I want a new column in this df with the following condition. The column education is a categorical value that goes from 1 to 5 (1 is the lower level of education and 5 is the higher level of education). I want to create a function with the following logic (so as to create a new column in the df)
First, for any id check if there is at least a education level graduated, then the new column must have the higher level of education graduated.
Second, if there is no graduated education level for some particular id (must have all educaction level in "In course").

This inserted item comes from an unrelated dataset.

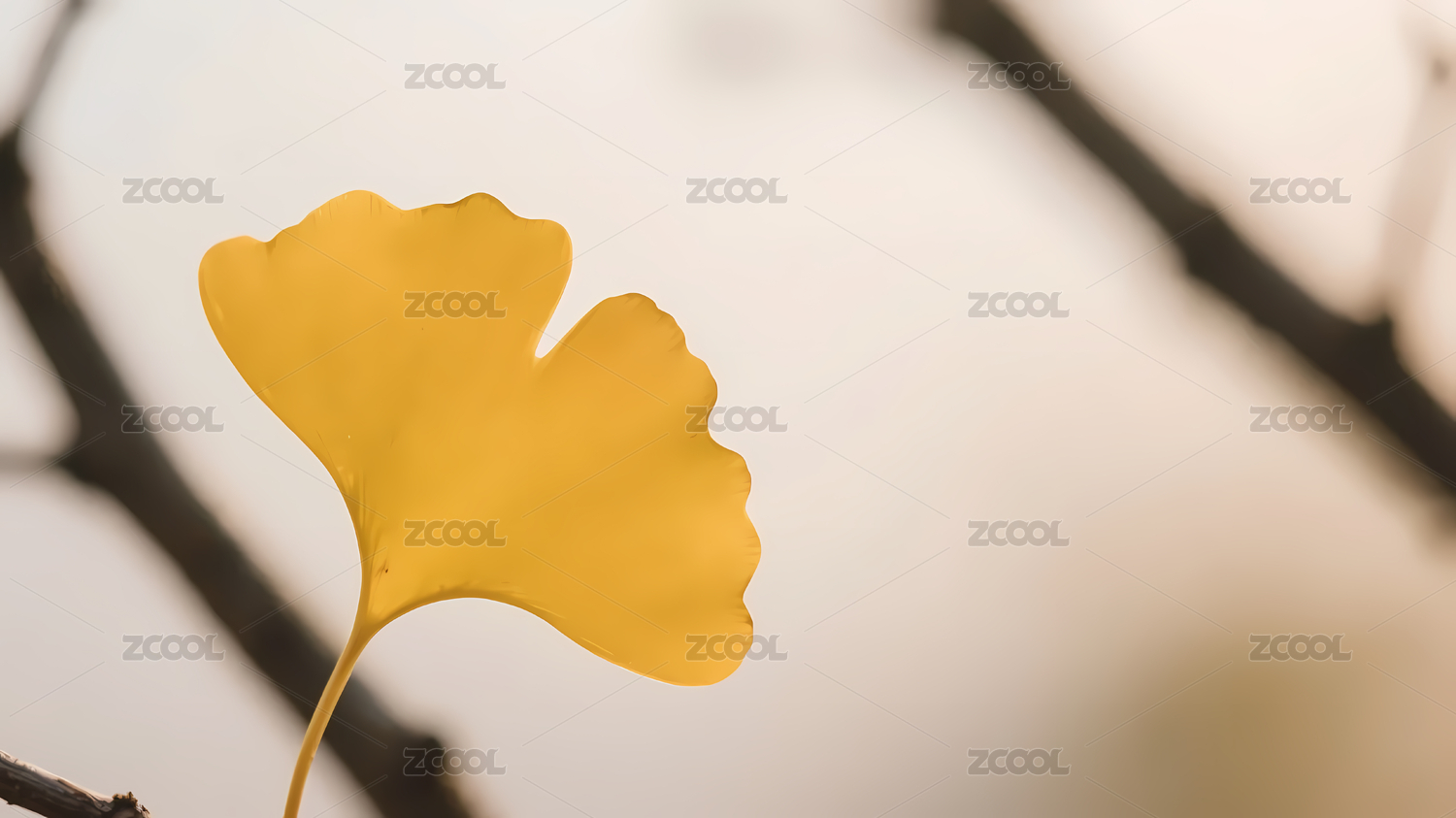 秋天阳光下的金黄色银杏树叶,自然风景背景

So, must check the maximium level of education and substract one.
df
id education stage
1 2 Graduated
1 3 Graduated
1 4 In course
2 3 In course
3 2 Graduated
3 3 In course
4 2 In course
expected output:
id education stage new_column
1 2 Graduated 3
1 3 Graduated 3
1 4 In course 3
2 3 In course 2
3 2 Graduated 2
3 3 In course 2
4 2 In course 1

You can do it like this:
import pandas as pd
df = pd.DataFrame({'id': [1, 1, 1, 2, 3, 3, 4], 'education': [2, 3, 4, 3, 2, 3, 2],
'stage': ['Graduated', 'Graduated', 'In course', 'In course', 'Graduated', 'In course', 'In course']})
max_gr = df[df.stage == 'Graduated'].groupby('id').education.max()
max_ic = df[df.stage == 'In course'].groupby('id').education.max()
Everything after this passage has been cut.